Noutro canto da cidade, em uma reunião de equipe no escritório da empresa, o líder compartilhava sua angústia. “Já contatamos potenciais clientes de diversas formas, enviamos dezenas de propostas, mas ainda não encontramos o nosso modelo de negócios”. Poderia parecer algum tipo de preocupação ou desculpa, mas o astral na sala era diferente. “Todos aqui sabem qual o nosso DNA, cultivamos nossas paixões… Isso determina o nosso posicionamento, a nossa imagem. Algumas engrenagens parecem lentas, mas é seguro que a máquina está bem montada”, sentenciou com firmeza.
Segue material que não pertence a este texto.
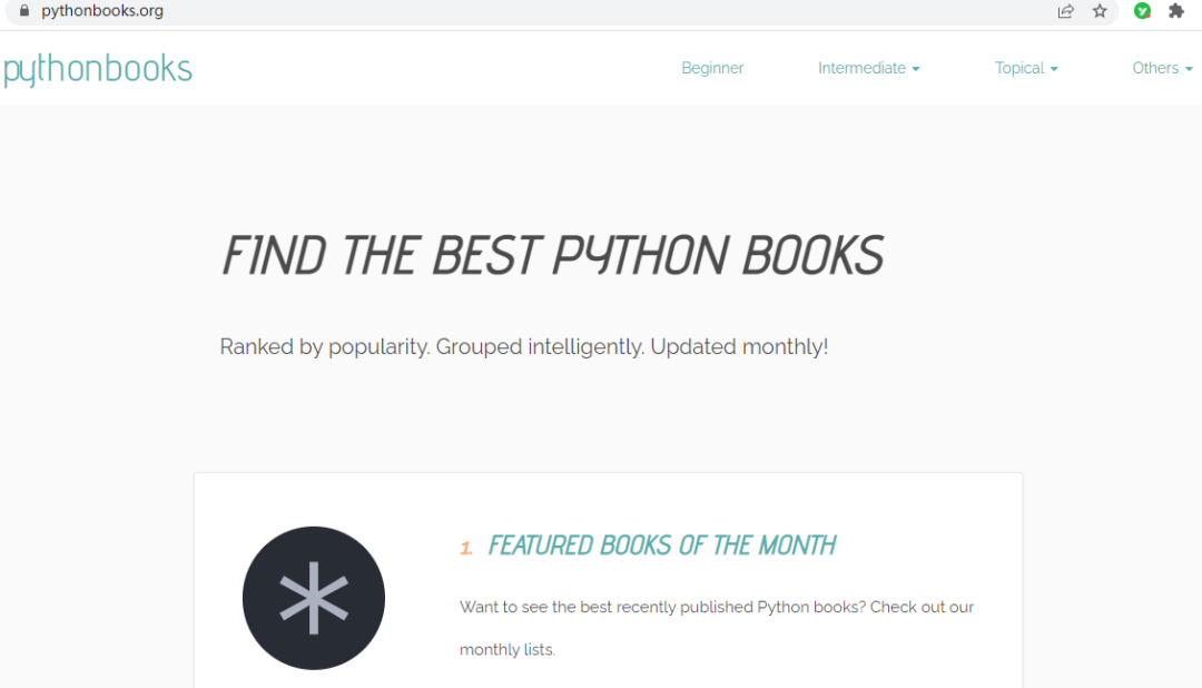 最后,再介绍一个有趣的网站(https://pythonbooks.org/),该网站提供了大量 Python 书籍,并按照流行程度来排名,还可以根据不同功能来分组,排名每个月更新一次,经常来逛逛,对于提升 Python 水平还是很有必要的!

Minutos depois, em uma pausa para o café, alguém perguntou: “ei, o que aconteceu com aquele boeing da Malaysia Airlines?”. Em meio aos comentários mais evidentes (está na ilha de Lost ou em Atlântida), alguém solta esta: “provavelmente ele pousou em alguma novela da Record, onde vão os desaparecidos. E provavelmente nenhum dos celulares deles eram da Tim”.
Alguém lembrou do Ulysses Guimarães, que “provavelmente virou oferenda em Angra”. Quanto mau gosto. Outro mencionou as mães da Praça de Maio, mulheres guerreiras e desesperadas que se reuniam, com lenços brancos na cabeça, diante da Casa Rosada, exigindo notícias sobre os filhos desaparecidos durante a ditadura militar na Argentina. Em todas as histórias, a dor é parecida: nenhuma delas possui um desfecho.
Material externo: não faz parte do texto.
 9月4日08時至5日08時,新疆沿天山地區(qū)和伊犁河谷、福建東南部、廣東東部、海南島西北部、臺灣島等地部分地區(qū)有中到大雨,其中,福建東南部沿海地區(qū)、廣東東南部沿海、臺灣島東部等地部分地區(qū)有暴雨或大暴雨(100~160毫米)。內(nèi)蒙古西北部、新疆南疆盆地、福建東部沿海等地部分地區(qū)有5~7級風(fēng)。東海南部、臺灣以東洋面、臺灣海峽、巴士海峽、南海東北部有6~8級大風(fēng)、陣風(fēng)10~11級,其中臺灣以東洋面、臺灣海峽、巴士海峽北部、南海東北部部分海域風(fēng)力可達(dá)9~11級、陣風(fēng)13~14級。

Longos meses se passaram daquele telefonema na estrada. Aquele rapaz, num momento de fraqueza, pesca algumas boas notícias de seu antigo affair nas poucas pistas reveladas no perfil fechado do Facebook. “Vou cumprimentá-la”, decidiu, ingenuamente, talvez para checar se aquele corte aberto ainda doía. Acreditava que demonstrar interesse no outro e felicitar conquistas fosse um sinal de carinho. “Mas não contei nada disso… Como você soube?! Quem te disse???”. Ele pediu calma, queria vê-la desprovida de armas. “Eu não estou armada, estive sempre aqui! Você que ficou com raiva, sumiu do meu radar, saiu falando mal de mim por aí!!!”. Mas… Mas…
Olho para cada um destes pequenos episódios e penso naquilo que considero o meu maior medo: a dúvida. Todo ser humano teme aquilo que não conhece. Alguns lidam melhor com isso… Já eu, ao lado da dúvida, me sinto uma criança perdida no shopping. A essa altura, já aprendi: a única forma de não se perder por aí é se trancar dentro de casa.
Sendo assim, coragem, ânimo, fé: respire, dê sua mão, vamos sair.
Pensando na história do avião que sumiu, acho que dá pra fazer uma analogia de que uma má resposta é o corpo que vc vela, chora e depois segue em frente, a dúvida é que não permite que a vida siga… uma má solução é melhor que solução nenhuma… amei seu texto, só pra variar.
Posso dar um conselho? Célebre as dúvidas. O pior que pode acontecer é fracassar. Então, celebre ainda mais os fracassos. Porque adoro uma frase (que acho que é de Churchill): “sucesso é caminhar de fracasso em fracasso sem perder o entusiasmo”.